Shares of a Cayman Islands company can also be repurchased or repurchased from capital, again, subject to solvency considerations. For the statutory separation of assets and liabilities between the sub-portfolios of the same company, separate holding companies can be created.
There is no statutory restriction on the issuance of debt securities by Cayman Islands corporations. Cayman Islands law recognizes a number of different types of asset security interests.
The management of a company is generally delegated to its board of directors. However, it is possible that an “ exempt limited time ” company will be incorporated (which can be governed by its shareholders), or a limited liability company or “ LLC ” will be formed (which can be run by its members and / or officers) under the terms of its constitutional acts. These constitutional documents can be tailor-made and can, if necessary, be supplemented by a shareholders’ agreement.
Although a corporation’s constitutional documents must be registered with the Cayman Islands Registrar of Corporations, they are not accessible to the public.
Cayman Islands Trust Law is based on English common law and is therefore interpreted according to English case law, as amended by any Cayman case law. Under a unit trust agreement, investors (or unitholders) pay funds to a trustee who holds those funds in trust for unitholders, and each unitholder is directly entitled to share. pro-rated the assets of the trusts.
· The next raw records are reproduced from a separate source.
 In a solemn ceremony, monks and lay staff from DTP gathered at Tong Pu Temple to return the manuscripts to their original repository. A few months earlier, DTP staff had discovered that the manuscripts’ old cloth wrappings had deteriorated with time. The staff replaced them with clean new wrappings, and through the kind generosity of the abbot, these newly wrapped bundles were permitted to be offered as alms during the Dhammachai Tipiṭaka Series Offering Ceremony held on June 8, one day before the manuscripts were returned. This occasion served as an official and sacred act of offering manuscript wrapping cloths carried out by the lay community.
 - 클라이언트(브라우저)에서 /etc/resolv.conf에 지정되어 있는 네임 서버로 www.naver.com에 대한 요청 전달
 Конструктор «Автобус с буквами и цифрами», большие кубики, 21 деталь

Exempt limited partnerships (PEL s) are the most common vehicle for private funds. They are also sometimes used in master-feeder variable capital fund structures.
A partnership registered as a PEL, in addition to limited partners, must have at least one general partner who: if an individual, resides in the Cayman Islands; whether a company is incorporated in the Cayman Islands or registered as a foreign company; or if a partnership, is registered in the Cayman Islands.
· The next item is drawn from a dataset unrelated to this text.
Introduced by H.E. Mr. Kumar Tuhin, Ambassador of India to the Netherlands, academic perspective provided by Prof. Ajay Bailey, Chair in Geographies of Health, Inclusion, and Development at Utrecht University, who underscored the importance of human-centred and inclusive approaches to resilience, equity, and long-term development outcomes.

The General Partner is responsible for the conduct of the affairs of PEL and it (rather than the Limited Partners) is responsible for the debts or obligations of the Partnership, except as otherwise specified in the Partnership Agreement.
A PEL does not have a separate legal identity from its partners and therefore any PEL property held in the name of the General Partner or in the name of the PEL will be deemed to be held in trust by the General Partner as an asset. of the ELP. Limited partners have limited liability (limited to the amount of capital advanced to the partnership), but must not take part in the conduct of the affairs of a PEL and to do so would risk making that limited partner liable for the debt and of the obligations of the PEL, if the PEL becomes insolvent.
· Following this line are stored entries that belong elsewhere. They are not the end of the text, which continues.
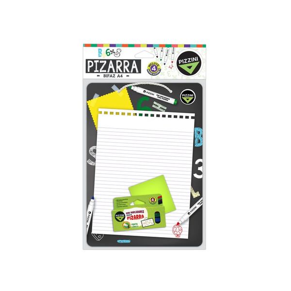 PIZARRA BIFAZ "PIZZINI" A4 C/ MARCADORES LETRAS X UNIDAD
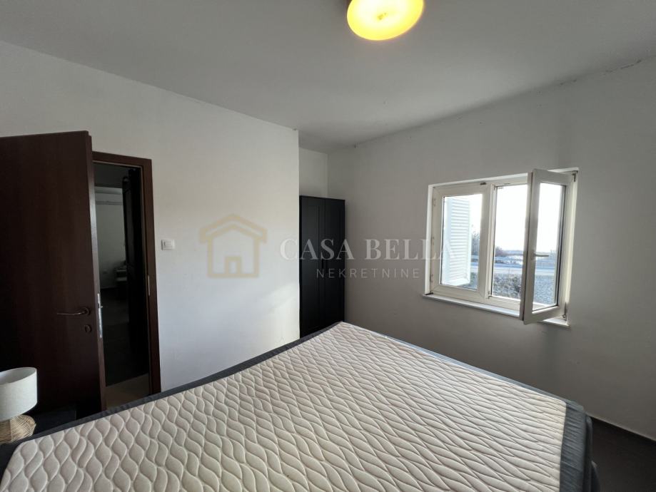 Stan se sastoji od dvije spavaće sobe, dnevnog boravka s kuhinjom, dvije kupaonice i terase s roštiljem. Iz stana se pruža lijepi pogled na more.
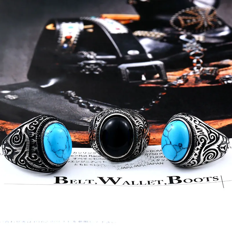 BEIER 2017 Natural Oval Opal Green Stone Ring Stainless Steel Vintage Nobel Palace Product For Woman Man Europe BR8-186
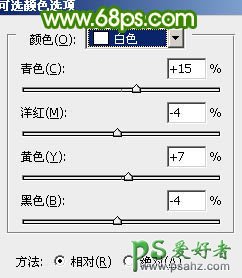 1、打开原图素材,创建可选颜色调整图层,对红,绿,白,中性色进行调整,参数设置如图1 - 4,效果如图5。
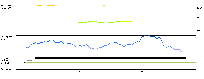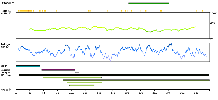 Under the antigens, the maximum percent sequence identity of the protein to all other proteins from other human genes is displayed, using a sliding window of 10 aa residues (HsID 10) or 50 aa residues (HsID 50). The region with the lowest possible identity is always selected for antigen design, with a maximum identity of 60% allowed for designing a single-target antigen (read more).
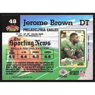 This is a 1992 Stadium Club Jerome Brown football card. The card is #48 and pictures show condition.
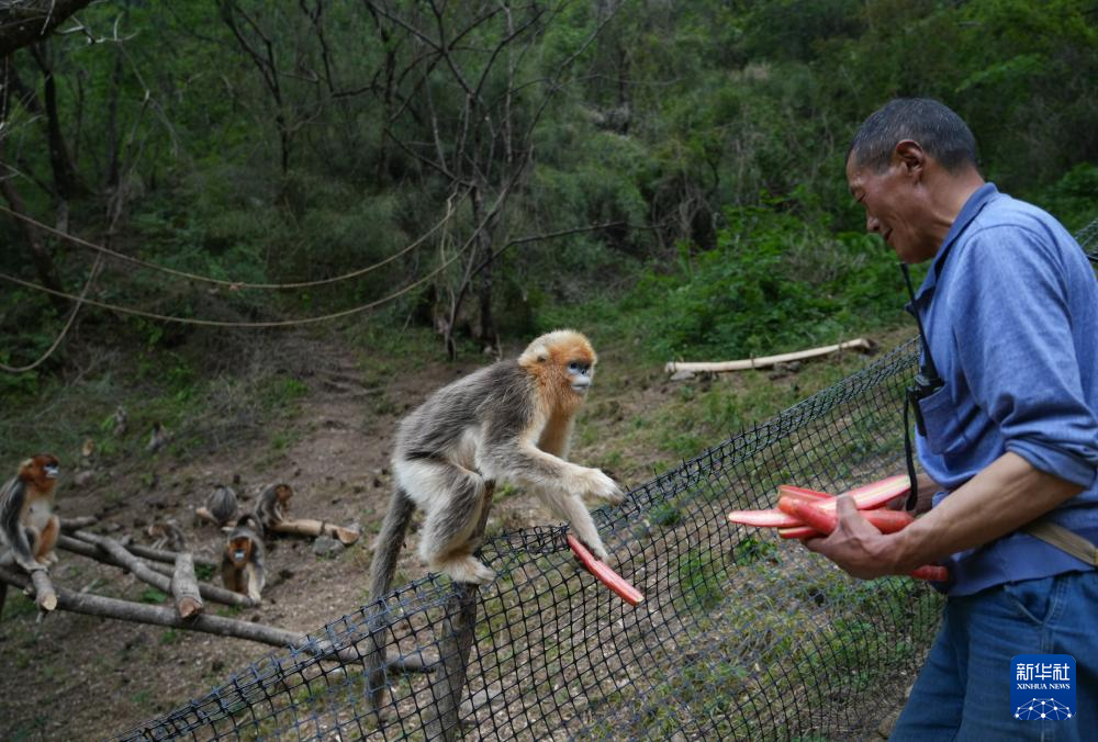在平武川金丝猴科普自然教育基地里,巡护员徐庭友给川金丝猴投食(5月21日摄)。新华社记者 江宏景 摄

The Cayman Islands has a well-established and flexible trust regime that allows for the protection of privacy and assets, both in the areas of commercial and private wealth. For example, if a trust company incorporated in the Cayman Islands only conducts “ connected trust business ”, it may register as a private trust company (PTC) with CIMA. The PTC has proven to be a particularly attractive structure for affluent families who are, for example, sensitive to confidentiality issues, or who wish to retain some control or influence over the administration of the trust assets, which may include shares in a family business. . PTCs can also be used in a philanthropic or business context.
For business purposes, especially where a special purpose vehicle is incorporated for the purpose of a particular transaction, special trusts (alternative regime) (STAR) under Part VIII of the Trust Act (2021 Revision) may be used to have the shares of the special purpose vehicle vested in the STAR Trustee for the purpose of exercising his voting rights to advance the transaction in question.